#### EXERCISE OBJECTIVE:
An exact copy is required of every line from the one with "One day State" through the end of the data below, and the pictures must stay out of it.

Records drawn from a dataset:
⁂
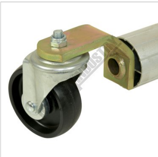
2 x Swivel Wheels
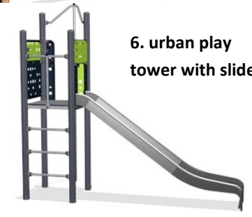
6. urban play tower with slide
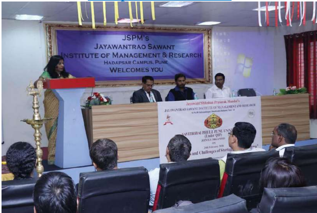
One day State level seminar on “Opportunities and challenges of Startups in Maharashtra”
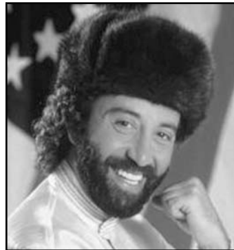
Yakov Smirnoff "What a Country!"

Shows may be changed by the theaters or Sun Tours without prior notice.
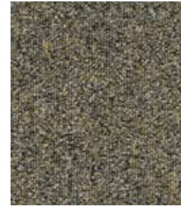
862 Blissful Bronze
⁂
#### RESPONSE:
One day State level seminar on “Opportunities and challenges of Startups in Maharashtra”
Yakov Smirnoff "What a Country!"

Shows may be changed by the theaters or Sun Tours without prior notice.
862 Blissful Bronze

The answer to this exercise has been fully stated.